Instead, they suggest using Harvard Law’s substitute for cross-examination, known as the “submitted-questions procedure,” where the decision-maker asks each party’s questions to the other but screens out “irrelevant … harassing, or duplicative” questions.

This specific proposal is at odds with several federal and state court rulings, particularly from the 6th U.S. Circuit Court of Appeals, that require a procedure more like cross-examination than Harvard Law’s system.

Correct to call them ‘complainants,’ not ‘victims’

FIRE, the education civil-liberties group, praised a proposed change in how colleges refer to the parties in Title IX investigations are referred to.

The proposal avoids the term “victim,” and instead uses the terms “complainant” and “respondent.” The “victim” language, when used “before there has been any investigation or adjudication,” FIRE wrote, “is inappropriate because it assumes the accuracy of allegations, turning the principle of ‘innocent until proven guilty’ on its head.”

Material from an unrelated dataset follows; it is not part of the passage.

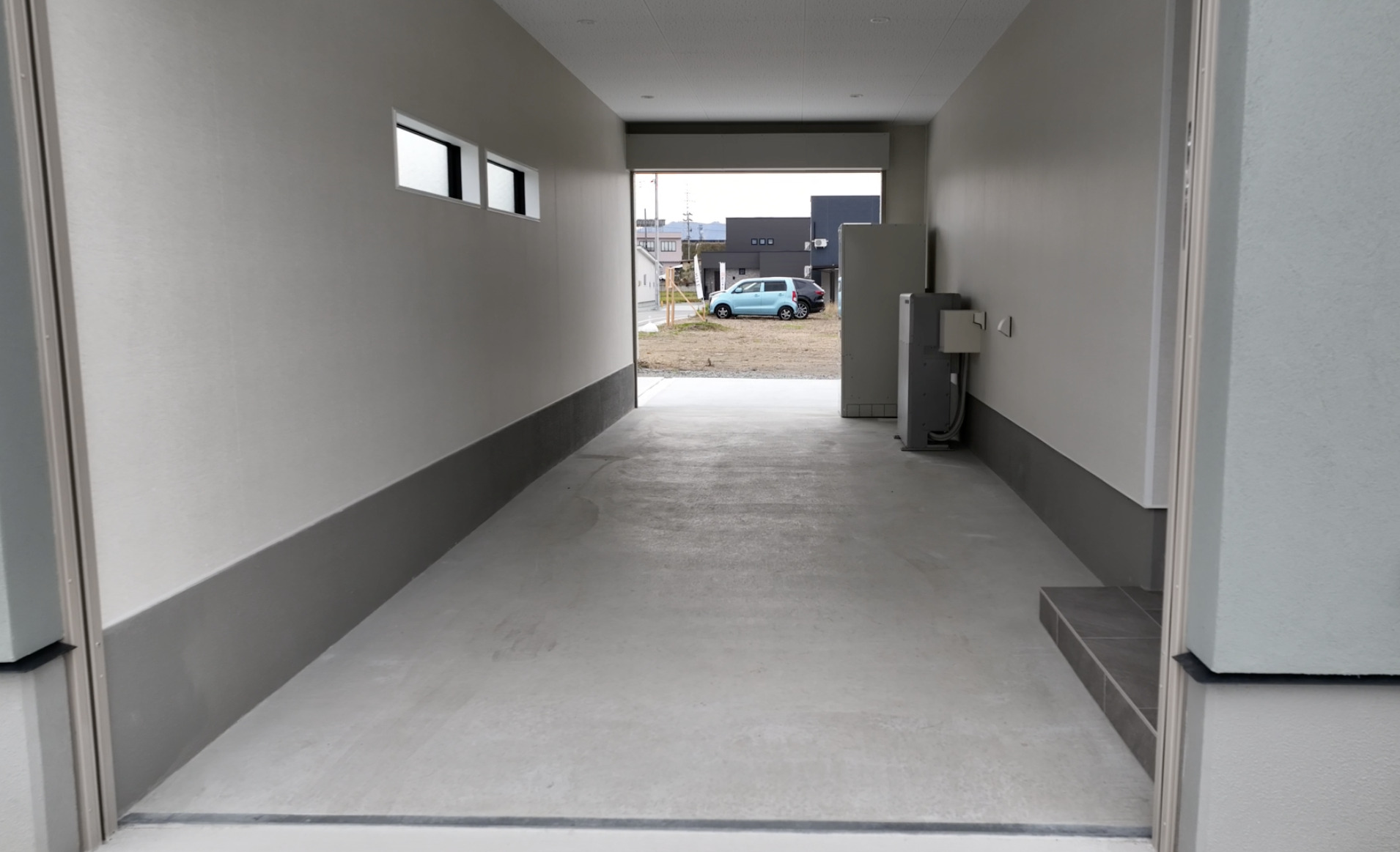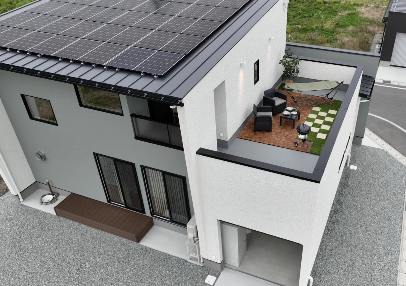 設備公営水道、公共下水道、ソーラーパネル、⼤容量蓄電池、エクリア(第一種換気、気圧調整式全熱交換気)、制振装置evoltz、システムキッチン、食洗乾燥機、ユニットバス、シャワー付洗面化粧台、エコキュート、インナーガレージ(電動シャッター)、樹脂サッシ複層ガラス等
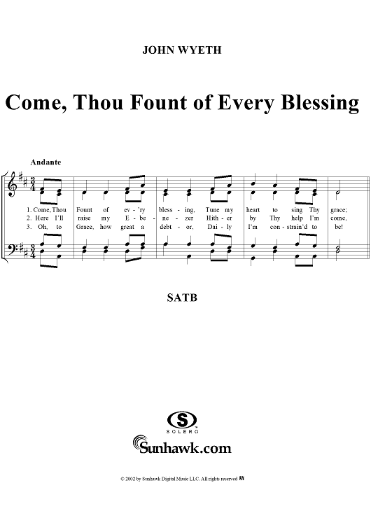 Digital Sheet Music for Come, Thou Fount of Every Blessing by J. Wyeth scored for Four-part Mixed Chorus; id:265214

FIRE expressed support for the proposed advisor requirement. It is “unreasonable” for students to “adequately defend their interests in judicial proceedings against campus administrators or institutional attorneys.”

“Active representation is necessary not only for the fairness of campus adjudications,” FIRE wrote, “but also because of the potential ramifications of any concurrent or subsequent criminal prosecution based on the conduct at issue in the campus judicial proceeding.”

Many students could be coerced to testify against themselves in a university proceeding, thus violating their Fifth Amendment rights, as such testimony would be acceptable evidence in a courtroom trial, FIRE said.

Stop Abusive and Violent Environments, a due process rights group, praised the proposed regulation. Once put in place, it will “remedy widespread sex bias against male students at colleges and universities.”

‘Wild, unsubstantiated’ claim by major law firm about sexual assault

Among the many comments to denounce the proposed regulation was one filed by the law firm Gibson Dunn on behalf of the accuser rights group Sanctuary for Families.

Calling the proposed regulation “nothing short of a wholesale effort to eviscerate Title IX as a mechanism to address sexual misconduct on campus,” the organization leveled numerous criticisms.

It would “require schools to ignore reports of sexual misconduct,” Sanctuary for Families said. It cited the proposed narrower definition of sexual assault and harassment – in line with Supreme Court precedent – as evidence for the claim.

The group praised the Obama administration’s 2011 guidance, claiming that it “was widely praised as striking the right balance between protecting the accused and facilitating the reporting and fair evaluation of complaints of sexual assault and sexual harassment on campus.”

Sanctuary for Families cited the disputed statistic that one in five undergraduate women experience sexual assault, and claimed “during the past decade, rates of sexual violence have skyrocketed on college campuses across the country.”

Brooklyn College Prof. KC Johnson, who closely tracks Title IX litigation, faulted Gibson Dunn for making that “wild, unsubstantiated” claim in its comment. The “usual argument” is that the reporting of sexual assaults had gone up, not actual assaults, he wrote in a Twitter thread.

He also mocked the law firm’s basis for denouncing cross-examination in the Title IX context. Gibson Dunn cited “court transcripts in 1950s Australia and 1990s/2000s New Zealand.”